髪を抜く女
彼女が初めて髪を抜いたのは、雨がしとしとと降る春の夕暮れであった。茉莉花という、なまめかしい名前にそぐわぬ彼女は、まるで影のような存在だった。肌は青白く、目元には常に憂いが漂い、口元に微笑を浮かべることは稀だった。
その日、彼女は一人、窓際の椅子に座り、静かに外を眺めていた。春雨に濡れた庭の桜が、薄い霞のように揺れている。彼女は無意識のうちに手を伸ばし、黒髪の一束を指で掴んだ。そして、その細い指がゆっくりと髪を引き抜くのを、まるで他人の動作のように眺めていた。
抜けた髪を指先で確かめた後、彼女はそれをそっと膝の上に落とした。特に意味のある行動ではなかった。ただ、胸の内に巣食う何かをなだめるためのささやかな儀式だったのだ。髪を引き抜くたびに、彼女は心の中のわずかな重荷が軽くなるのを感じた。だが、それは一時的な慰めであり、すぐにまた重苦しい不安が戻ってくるのだった。
彼女が髪を抜く習慣を始めてから、幾度の季節が過ぎたかは定かではない。鏡を見るたびに、頭頂部の髪が徐々に薄くなっていくのを感じながらも、彼女はその行為をやめることができなかった。抜けた髪は部屋の隅に山のように積もり、彼女の存在自体が次第に色褪せていくかのようだった。

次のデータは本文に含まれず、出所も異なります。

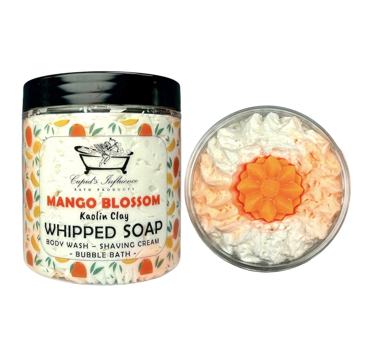 Wash Your Troubles Away with our Luxurious MANGO BLOSSOM multipurpose Whipped Soap. This semi-solid 3-in-1 cleanser serves as an all-over body wash, shaving foam, and solid bubble bath. It provides the perfect alternative to traditional shower gels, soaps, shampoos, and bubble bath soaks. Our whipped soap creates a rich foam and an abundance of bubbles, meaning a little goes a long way. It is infused with Apricot Kernel Oil and Kaolin Clay, leaving your skin purified and incredibly silky. Fragranced with delightful aroma of tropical mango and an array of exotic fruits. Our range of whipped soaps are proudly Vegan & Cruelty-Free. Net Weight: 250ml jar with a minimum of 180gr "e" of product. INGREDIENTS Aqua, Glycerine, Sorbitol, Sodium Cocoyl Isethionate, Disodium Lauryl Sulfosuccinate, Sodium Chloride, Kaolin, Parfum, Prunus Armeniaca Kernel Oil, Polysorbate 80, Phenoxyethanol, Tetrasodium EDTA, Polyurethane-11, CI19140, Amyl Cinnamic Aldehyde, Benzyl Alcohol, Benzyl Salicylate, Coumarin, Limonene, Linalool. DIRECTIONS After wetting your skin, scoop a portion of whipped soap from the jar, lather & apply it to the desired areas of your body. Rinse thoroughly & follow up with body butter, oil or lotion. For best results, use a mesh body puff sponge with this product. SAFETY WARNING FOR EXTERNAL USE ONLY. AVOID CONTACT WITH EYES. DO NOT USE ON DAMAGED SKIN. IF IRRITATION OCCURS, DISCONTINUE USE. KEEP OUT OF REACH OF CHILDREN. NOT TO BE USED BY INFANTS UNDER 3 YEARS. See moreVegan & Cruelty-Free. Produces a luxurious lather & abundant bubbles - little amount goes a long way. Perfect alternative to traditional shower gels, soaps, shaving foams or shampoos. Formulated with natural Kaolin Clay - effectively purifies & leaves the skin feeling exceptionally silky. Enriched with Apricot Kernel Oil - aids in maintaining radiance & softness of skin. Immerse your senses in the delightful aroma of tropical mango and an array of exotic fruit notes.

ある晩、彼女の家を訪れた友人が、その変わり果てた姿に驚いた。「茉莉花、どうしてそんなに…」友人の言葉に、彼女は淡い微笑みを浮かべた。それは、かつて彼女が感じていた軽蔑や嘲りではなく、ただの虚無であった。
「髪なんて、いくらでも抜けるものよ」と、彼女は囁くように言った。その声には、何の感情も含まれていなかった。まるで、髪を抜くことそのものが、彼女の生きる理由であるかのように。
彼女の中で何が崩れていったのか、それは誰にもわからなかった。自らの手で一筋一筋髪を引き抜く行為は、彼女にとって現実から逃れる唯一の手段だったのかもしれない。あるいは、己の存在を確かめるための行為だったのかもしれない。
そして、ある日、彼女の姿は部屋から消えていた。窓際の椅子には、彼女が抜き捨てた髪の束だけが残されていた。まるで、彼女のすべてがそこに置き去りにされ、風に吹かれて消えていったかのように。
その髪は、春雨に濡れた庭の桜の花びらと同じように、静かに舞い散り、やがて誰の記憶からも消えていくのであった。